Pancreatitis can occur as a side effect of several medications used in children. The most common are valproic acid, azathioprine, mercaptopurine, and L-asparaginase. The mechanisms that lead to pancreatic damage are not fully known but likely involve a combination of direct toxicity and a focal immunologic reaction. Interestingly, patients can develop drug-induced pancreatitis weeks or even months after receiving the medication for the first time. Trauma is a well-known cause of pancreatitis in children. The traumatic impact, however, does not necessarily need to be major, as minor contusions without ductal disruption (grade-1 and -2 injuries) can lead to pancreatic inflammation.

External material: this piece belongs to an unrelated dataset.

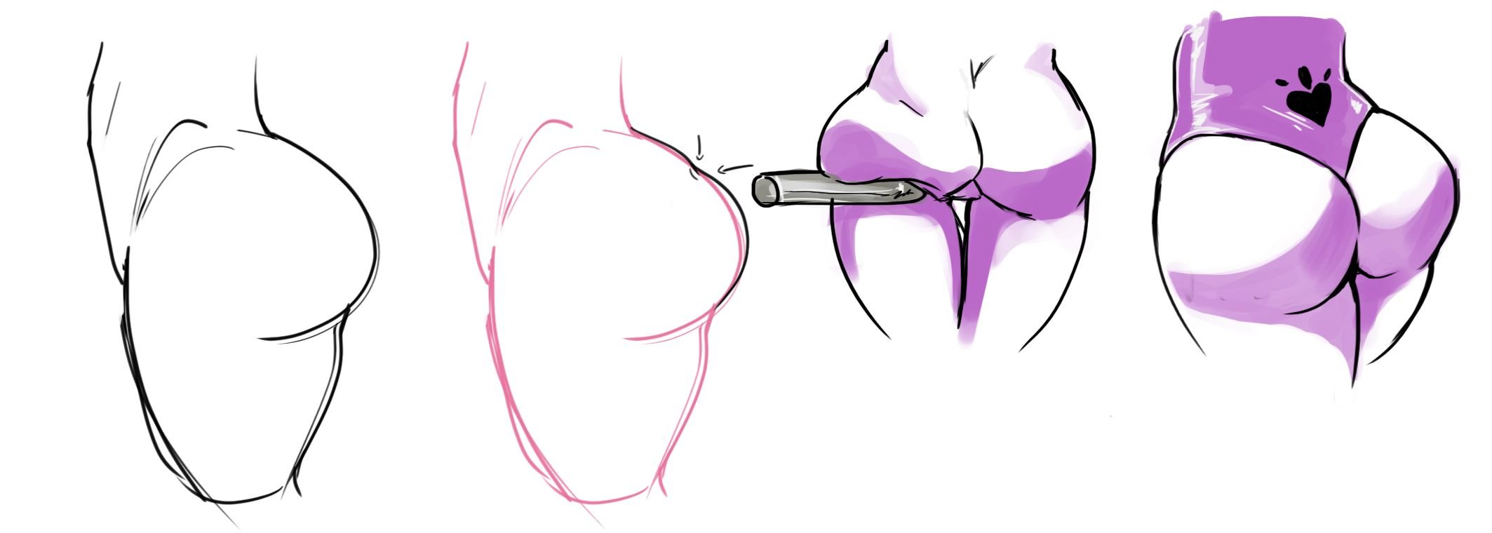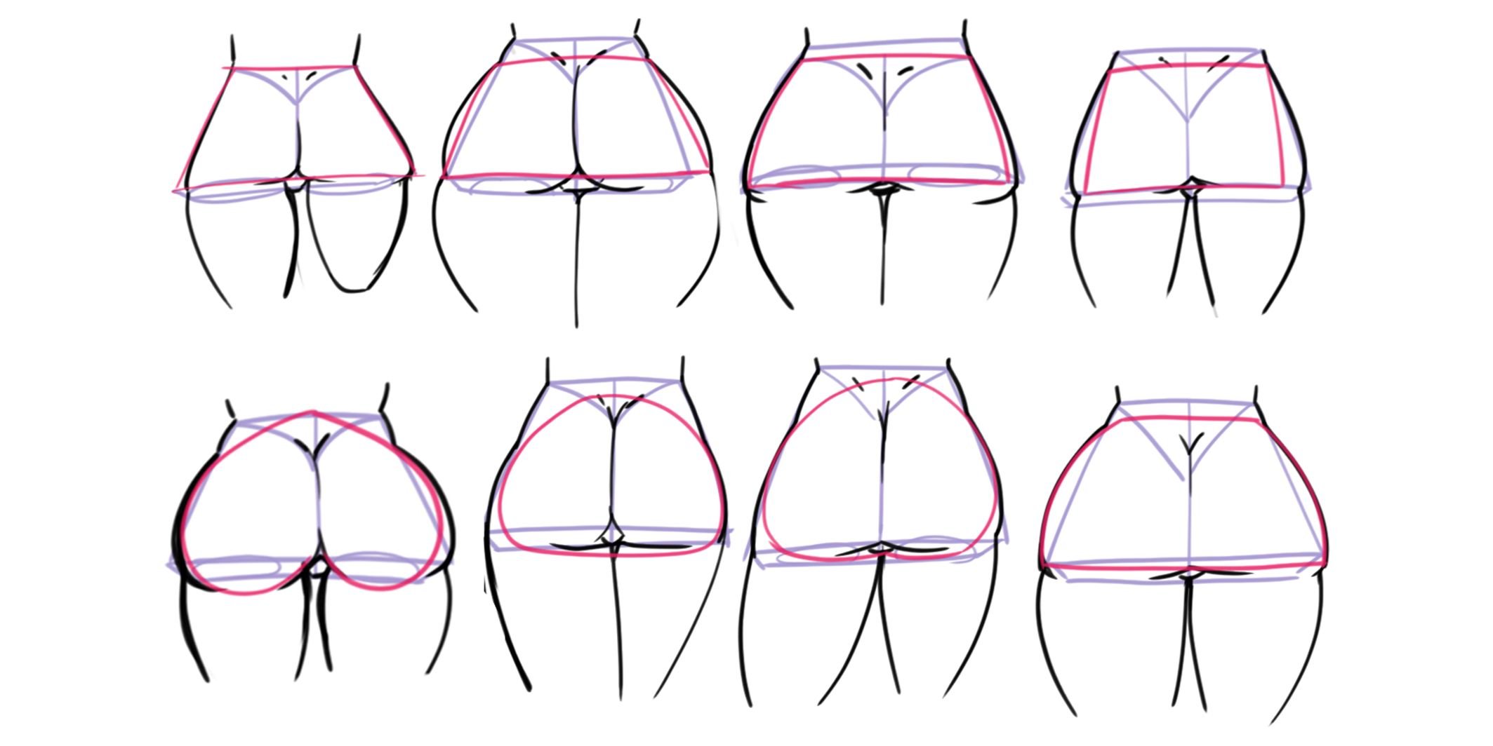 When drawing glutes we are guided by a rectangle. And it is divided in half. To then form a V towards the center.
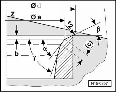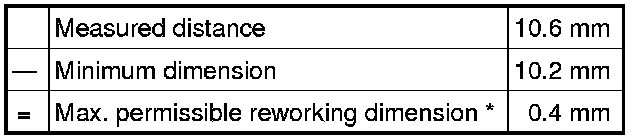 - Calculate max. permissible reworking dimension from measured distance - a - and minimum dimension.

Congenital anomalies of the pancreaticobiliary system are infrequent but well-known causes of acute recurrent pancreatitis, and typically lead to chronic pancreatitis if left untreated. The most common is pancreaticobiliary malunion (PBM), also known as common channel, in which the common bile duct (CBD) and the pancreatic duct (PD) merge before the ampulla of Vater/sphincter of Oddi, allowing bile to reflux into the PD and pancreatic fluid to reflux into the CBD. The chronic exposure of the CBD to pancreatic fluid is thought to be one of the mechanisms that lead to the development of a choledochal cyst and potentially to biliary mucosal metaplasia. The reflux of bile into the PD, plus the inefficient drainage of the pancreatic fluid, are the likely sources of pancreatic damage and recurrent pancreatitis in patients with PBM. Less common anomalies that can lead to pancreatitis are pancreas divisum (separate dorsal and ventral pancreatic ducts) and the very rare ansa pancreatica (extreme redundancy of the duct of Santorini).

Acute pancreatitis in children can also result from infection: viruses (mumps, coxsackievirus, hepatitis B, herpes zoster, CMV, HIV), bacteria (leptospira, salmonella), fungi (aspergillus), and parasites (cryptosporidium, ascaris). Metabolic diseases such as hypertriglyceridemia and hypercalcemia are also potential causes of acute pancreatitis. A very rare form of pancreatitis in children is autoimmune pancreatitis (AIP). This newly described entity is quite complex and thought to be a component of a systemic autoimmune disease. The diagnosis is mostly based on the detection of elevated serum IgG4. AIP tends to be a chronic process, can lead to strictures in the PD, usually resolves with pulse steroids, and can be accompanied by an autoimmune process of the biliary tree, IgG4-related cholangitis.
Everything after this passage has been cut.